Cowboys and Indians
We met when I was a brown cowgirl. Internalized racism lived in my body and built a mid-century colonial home with a white picket fence. I had shame and judgment for my family and shame and judgment for myself. There wasn’t much questioning or thinking on my part. I believed what I was meant to believe about native people, and I believed that about myself. Perhaps this is where the roots of white supremacy and self-hatred dug a little deeper into my body and my consciousness. But to say you were a bad person would not be accurate. To say you were outwardly racist would not be true. You were a white Christian boy in a small Alberta town. Well rounded, son in a functional family, privileged, regulated, supported. You taught me how to drive your standard on those country roads. We didn’t talk too much about Christianity or god but it had a home in our relationship. We would talk about how you shouldn’t date “that girl” because she had already dated too many boys. That would not be proper. The foundation of that mid-century colonial dug deeper. I don’t really know what we had in common but I liked you because you were kind, gentle, and funny. Youth has a way of allowing life to appear simple. School taught us a simple version of our reality.

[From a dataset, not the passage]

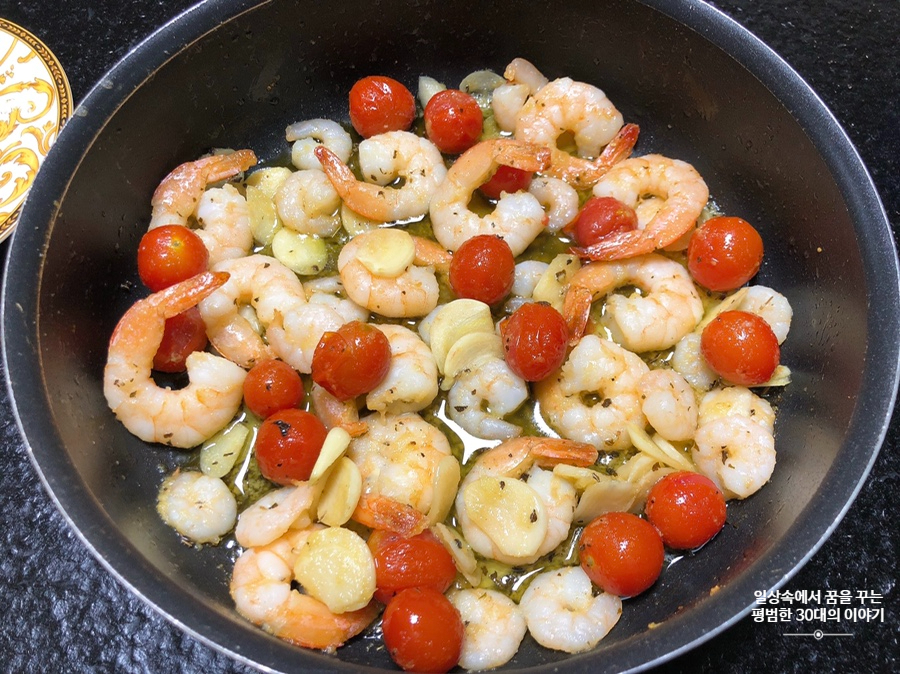감바스 - 새우, 방울토마토, 마늘, 다진마늘, 후추, 바질가루, 소금, 올리브오일

As I grew, I slowly began to learn the history of this country, it’s genocide, violence, hatred, racism, classism. The story of my family both current and distant. The story of the pain, dysfunction, trauma, and violence in my life and in my family. I began pulling the weeds of white supremacy, self-hatred, racism, and colonialism from my body; digging deeper for the roots. I began to learn the wisdom of my ancestors; a story and a truth I was never privy to until I became much older. I became an Indian.
What did you learn as you grew? I saw a Facebook post of you going door to door in the white collar corporate city campaigning for the Wild Rose Party, then for the United Conservative Party. For our great premier who wants to privatize our public sectors, harass teachers and health care workers, discriminate against queer people, and who certainly does not give a shit about us Indians. A man who would rather destroy our oldest relatives, the mountains and the rocks mining for coal. You work at a bank, got married, had a baby; I work in the inner city with those who suffer from the reality of colonialism making minimum wage and pay for therapy.
Are we the real cowboys and Indians? Do you fill the niche you’ve been meant to fill? The niche that has been set out and crafted for you for generations? And yet I feel as if part of me still knows you; the kindness, the gentleness. Can cowboys and Indians find common ground? Was our relationship possible only because I denied the Indian that lived within me? Can we still find common ground if I stand in my truth (read:power) as an Anishinàbekwe? Will that threaten your privilege or bring about your humility? Or have you become a cowboy and I an Indian?